**What is expected**
Your job is to print, exactly, the lines in the data below from the line with "袖珍版XM—18小直(蓝柄、黑柄) 全长:18.2CM 刃长:7.5CM" through the line with "Analiz firması Canalys", both included, and to omit any picture.

**Input records**
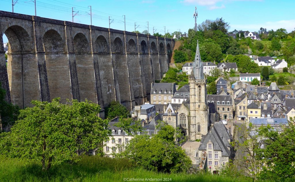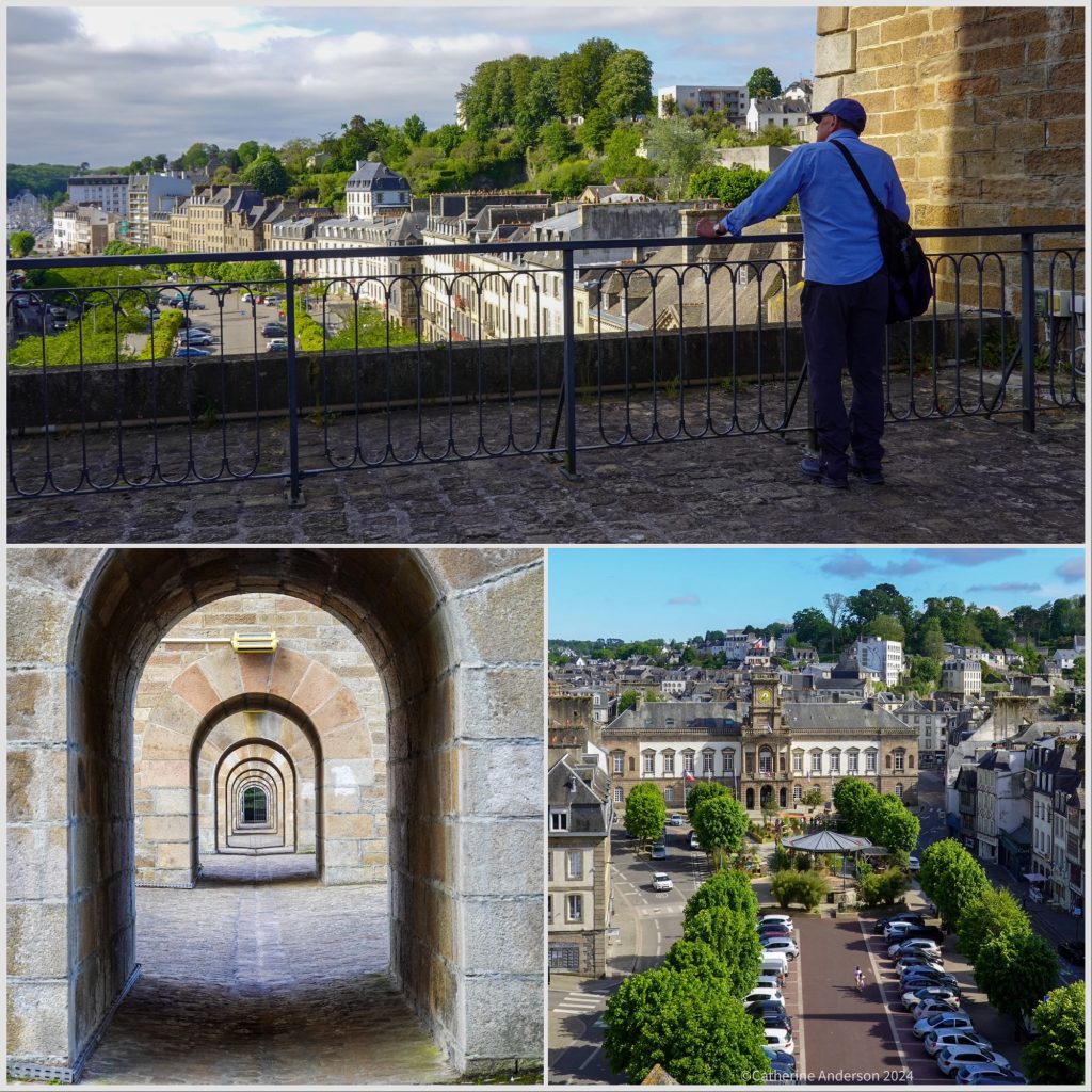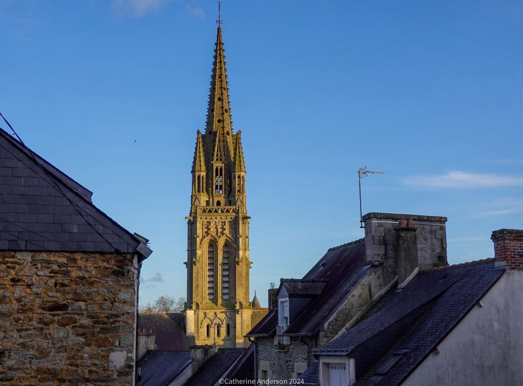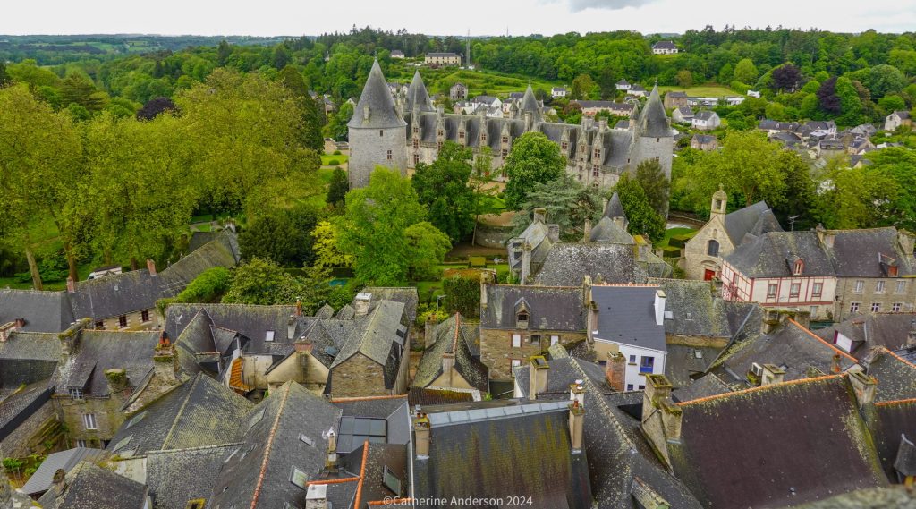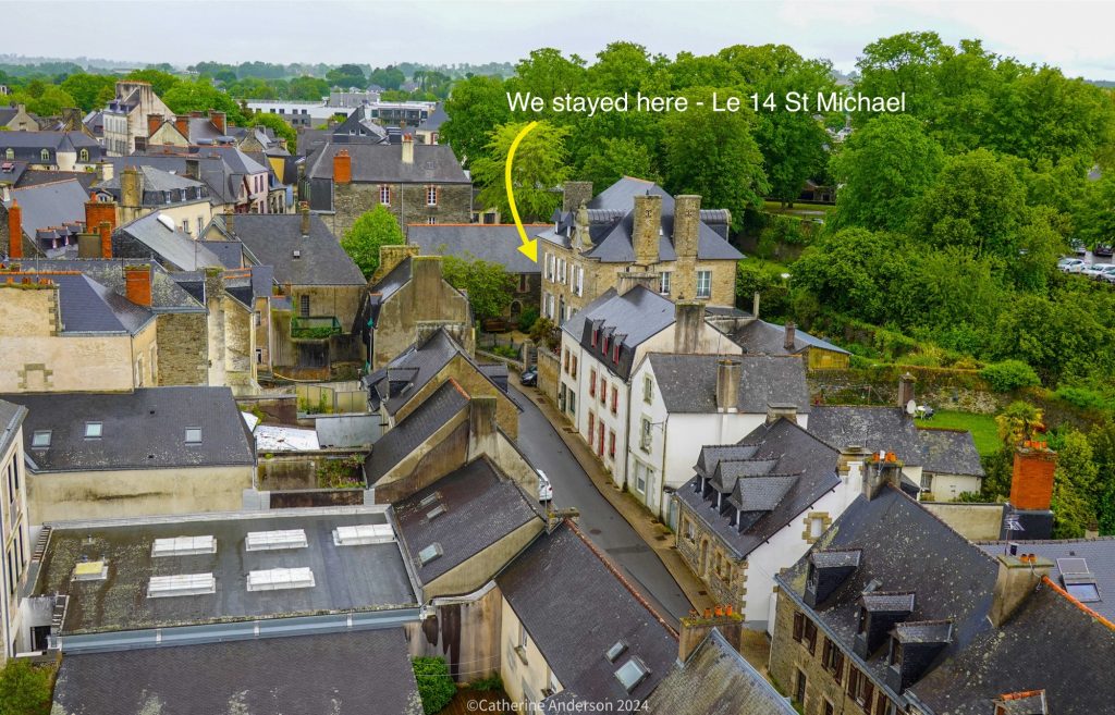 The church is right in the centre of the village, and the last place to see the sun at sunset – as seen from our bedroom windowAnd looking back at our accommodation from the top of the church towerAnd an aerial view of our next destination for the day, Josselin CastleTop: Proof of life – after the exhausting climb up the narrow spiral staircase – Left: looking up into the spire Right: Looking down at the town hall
---
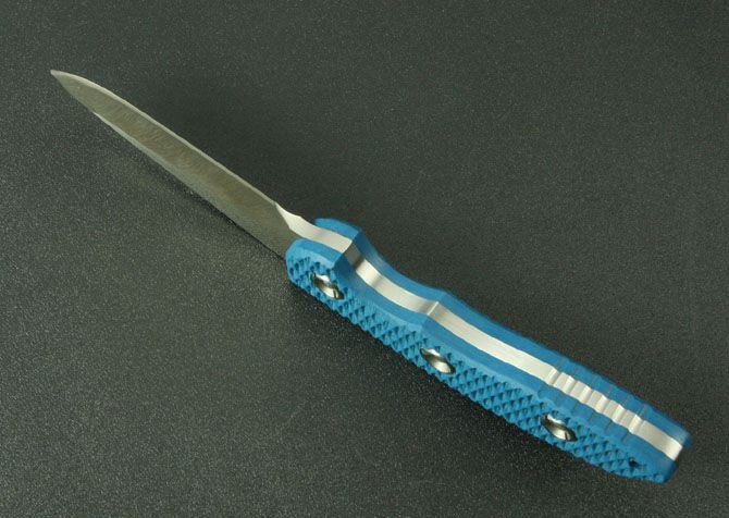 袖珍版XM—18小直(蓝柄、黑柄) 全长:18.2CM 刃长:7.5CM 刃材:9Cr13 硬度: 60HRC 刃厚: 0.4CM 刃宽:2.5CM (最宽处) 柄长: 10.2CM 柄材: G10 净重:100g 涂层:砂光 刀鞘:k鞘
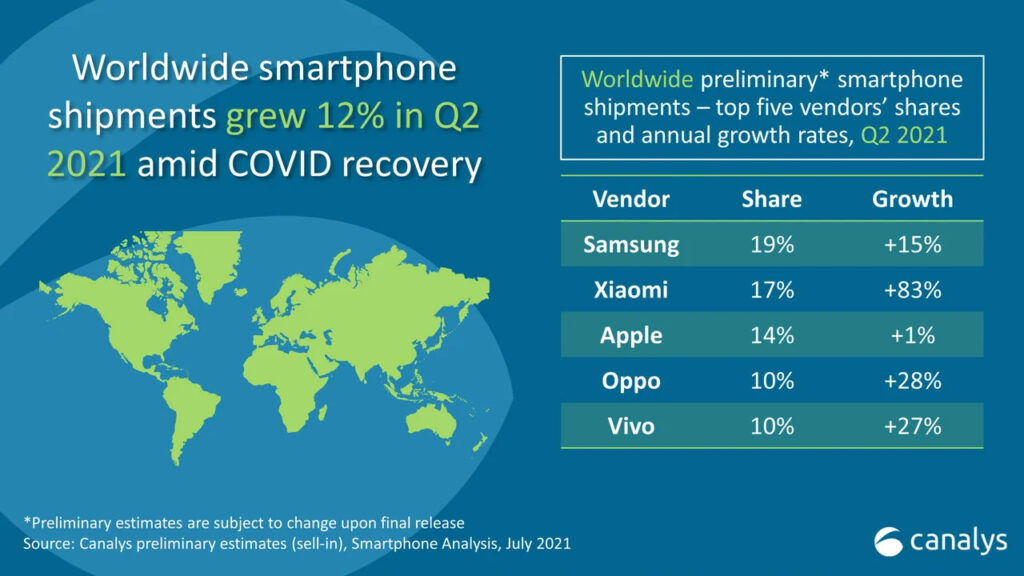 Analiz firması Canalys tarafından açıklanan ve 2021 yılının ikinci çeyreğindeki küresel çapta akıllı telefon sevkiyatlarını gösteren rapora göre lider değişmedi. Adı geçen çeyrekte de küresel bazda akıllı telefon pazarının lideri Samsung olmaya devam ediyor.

**Written solution**
 袖珍版XM—18小直(蓝柄、黑柄) 全长:18.2CM 刃长:7.5CM 刃材:9Cr13 硬度: 60HRC 刃厚: 0.4CM 刃宽:2.5CM (最宽处) 柄长: 10.2CM 柄材: G10 净重:100g 涂层:砂光 刀鞘:k鞘
 Analiz firması Canalys tarafından açıklanan ve 2021 yılının ikinci çeyreğindeki küresel çapta akıllı telefon sevkiyatlarını gösteren rapora göre lider değişmedi. Adı geçen çeyrekte de küresel bazda akıllı telefon pazarının lideri Samsung olmaya devam ediyor.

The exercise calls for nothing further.